Lakin bu zevat muhalefeti buradan kurdukça, karşı taraf büyüdü. Ya da büyümesi engellenemedi. Çünkü zaman içinde (özellikle 28 Şubat’ta çevrilen dolapların ortaya çıkmasından sonra) bu ve benzeri haberlerin ahali nezdindeki  itibarı hayli kuşkulu hale geldi. Dahası zaten bütün bunlar milletin ekseriyetinin pek de umrunda değildi. Aş, iş, geçim derdine düşmüş insanın zaten niye umrunda olsun?
Ve fakat şu yakın zamanda işin rengi değişmeye başladı. Şöyle ki...
Bir kere, neredeyse mutlak iktidardan aldığı gücün iğvasına kapılan AKP kadrolarının (ki buna Recep Tayyip Erdoğan ve yakın çevresi de dahil. Hatta belki de en çok onlar...) dizginlenemez hırsı, daha fazla ‘açık vermelerini’ beraberinde getirdi. Hep olduğu gibi... AKP şürekasının, bu kadar kısa bir zamanda bu kadar zenginleşmeleri ister istemez kuşku yarattı. Nereye baksak onlar... Belediyeler eliyle yürütülen imar değişikliklerinden sağlanan akıl almaz rantlar, kamu kaynaklarıyla finanse edilen ‘kaymaklı’ satışlar, özelleştirmelerde ve ihalelerde en fazla müsamahaya mazhar ‘türedi’ şirketler, en yüksek binalar, en parlak pırlantalar vb.

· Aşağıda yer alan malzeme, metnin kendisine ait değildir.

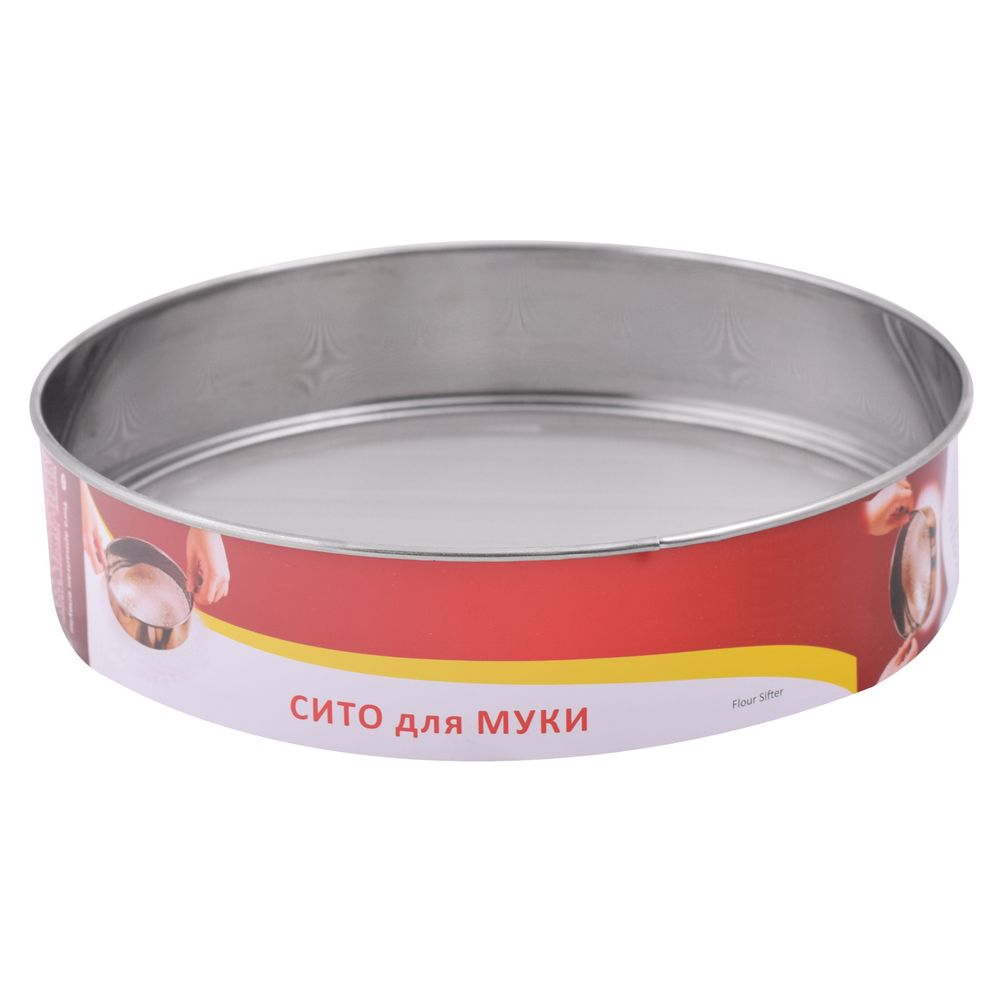 Удобное и простое приспособление — сито для муки уже несколько столетий используется хозяйками для приготовления теста. Просеивать муку необходимо для того, чтобы убрать из нее возможные примеси, а также сделать ее более рыхлой и воздушной. Насыщение воздухом делает тесто более нежным, воздушным и легким, а выпечка быстрее поднимается и получается более красивой внешне. Изделие имеет простую конструкцию, состоит из металлической мелкоячеистой сетки и обода. После использования промойте сито в теплой воде с жидкими моющими средствами. Диаметр 19 см, высота 4,5см. Изготовлено из коррозионностойкой (нержавеющей) стали.

Üzerine bir de Deniz Feneri rezaleti gelince, bir iktidarın geleceği için en amansız şüphe uyanmaya başladı: “İki laflarından biri garip gureba ama, galiba bunlar da malı götürüyor.”
Hasılı, sözüm ona bu takva sahibi mütedeyyin adamların üzerine ‘ahlakî çürüme’nin gölgesi düştü. Eh, Doğan Grubu da muhalefeti buradan, yani tam da olması gereken yerden, AKP’nin yumuşak karnından zorlamaya başladı. Bu vurdumduymaz memlekette, bu dönemde –yani milletin “yandım Allah” dediği dönemde-  bunun bir karşılığı hakikaten olabilir.
Bana sorarsanız, 826 milyon TL’lik cezanın esbabı mucibesi bu.